The following shows that, on top of `data2_b`, there are another 2 negative samples are generated which are tagged with "0" in the "Feedback" column.

In [20]:
users = data2['UserId'].unique()
items = data2['ItemId'].unique()

In [21]:
interaction_lst = []
for user in users:
    for item in items:
        interaction_lst.append([user, item, 0])
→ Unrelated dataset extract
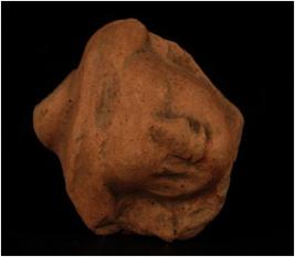 | Description / विवरण | Handmade terracotta human head, features are not clear, wearing head-dress, nose is visible, made from well levigated clay, wash treatment is given in red colour. |
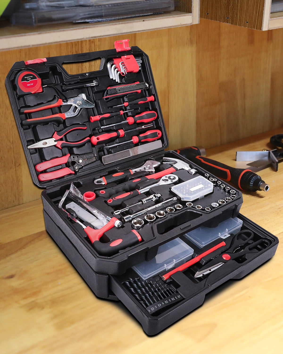 [Multi-Purpose Tool Kit] – Our 325-piece tool kit is perfect for a wide range of small repair and home DIY projects. It’s ideal for handymen, construction workers, mechanics, workshops, and more. [Wide Variety] – We offer a comprehensive range of professional-grade wrenches, complete sets of 1/4-inch and 3/8-inch metric socket sizes, precision screwdrivers, hammers, tape measures, pliers, and more. Our 72-tooth ratcheting wrenches come with a variety of 1/4-inch screwdriver heads: Phillips, slotted, square, star, and pozi. The soft handles on screwdrivers, pliers, and hammers provide excellent comfort and control. [Includes Toolbox] – This kit comes with a drawer-style storage chest featuring separate sliding drawers, offering more storage capacity than a typical toolbox. All the essential tools are neatly organized within one durable plastic chest, complete with molded internal compartments that protect each component and make them easily accessible. All tools meet or exceed ANSI standards. [High-Quality Materials] – Crafted from premium-grade steel, the surface undergoes heat-treated chrome plating, ensuring long-lasting durability and resistance to corrosion. The handles are made from TPR material, providing a comfortable grip. [Perfect Gift Choice] – This tool kit is easy to carry and store, making it a great gift for both men and women.

data_all = pd.DataFrame(data=interaction_lst, columns=["UserId", "ItemId", "FeedbackAll"])

In [22]:
data_all

Unnamed: 0,UserId,ItemId,FeedbackAll
0,1,1,0
1,1,2,0
2,1,3,0
3,2,1,0
4,2,2,0
5,2,3,0
6,3,1,0
7,3,2,0
8,3,3,0


In [23]:
data2_ns = pd.merge(data_all, data2_b, on=['UserId', 'ItemId'], how='outer').fillna(0).drop('FeedbackAll', axis=1)

In [24]:
data2_ns

Unnamed: 0,UserId,ItemId,Feedback
0,1,1,1.0
1,1,2,1.0
2,1,3,0.0
3,2,1,1.0
4,2,2,1.0
5,2,3,1.0
6,3,1,1.0
7,3,2,0.0
8,3,3,1.0


Also note that sometimes the negative sampling may also impact the count-based aggregation scheme. That is, the count may start from 0 instead of 1, and 0 means there is no interaction between the user and item. 

# References

1. X. He *et al*, Neural Collaborative Filtering, WWW 2017. 
2. Y. Hu *et al*, Collaborative filtering for implicit feedback datasets, ICDM 2008.
3. Simple Algorithm for Recommendation (SAR). See notebook [sar_deep_dive.ipynb](../02_model_collaborative_filtering/sar_deep_dive.ipynb).
4. Y. Koren and J. Sill, OrdRec: an ordinal model for predicting personalized item rating distributions, RecSys 2011.